S’il y a parfois dans Ariane un peu de la Belle Hélène, c’est dans le livret seulement. La musique ne porte pas trace de parodie ; elle annonce Gluck et non Offenbach. Elle l’annonce, et plus d’une fois elle l’égale. Elle l’égale par la force, par la grandeur, par la vérité sommaire et saisissante de l’expression. Je sais une plainte d’Ariane : Come mai puoi — Veder mi piangere ? que les plaintes d’Alceste ne dépasseront guère. Il serait intéressant et facile de réinstrumenter cette page, et deux ou trois timbres choisis : une flûte grecque, un hautbois gémissant, un cor mystérieux, envelopperaient sans l’étouffer la magnifique mélodie. La voilà, l’Ariane antique, celle du musée du Vatican, celle de Racine,

Ariane aux rochers contant ses injustices.

La phrase du musicien est aussi belle que le vers du poète, et de la même beauté sobre et forte, sans épithète et sans ornement.

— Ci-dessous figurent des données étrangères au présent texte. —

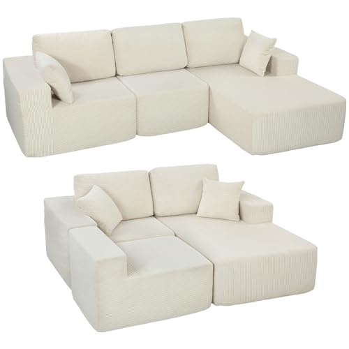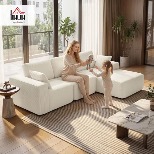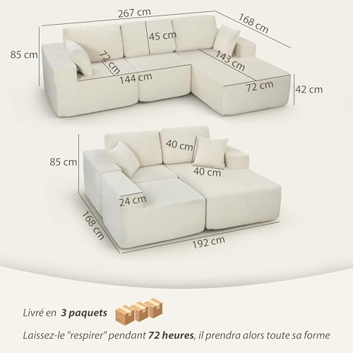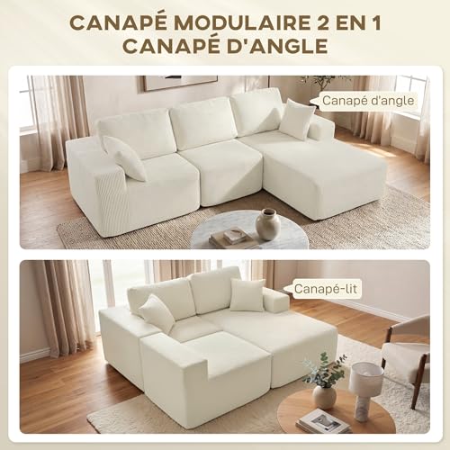 HOMCOM Canapé d’angle modulable 2 en 1, 267cm, canapé-lit 3 places en velours côtelé, larges assise et accoudoirs, 2 coussins, sofa moderne pour salon, bureau, appartement, aucun montage requis, crème | Canapé-lit modulable

De Silène aussi deux airs sont admirables : l’un où le dieu goguenard s’émerveille de voir son maître si facile à la tentation d’amour :

E piu tenace
Di vischio o rete,
Il crine, il guardo
D’una belta.

« Plus tenace — Que la glu ou le lacet — Est le cheveu, le regard — D’une beauté ! » Le chant est superbe d’ironie. Sur lui tombe et retombe en avalanche un trait de violons foudroyant. Au-dessous grondent en tierces les basses moqueuses. A leur place, imaginez des bassons : voilà tout ce qu’un maître moderne, le Verdi de Falstaff par exemple, ajouterait peut-être, pour le rajeunir, à ce vieux fond du génie italien, à ce chef-d’œuvre de vérité et de vie.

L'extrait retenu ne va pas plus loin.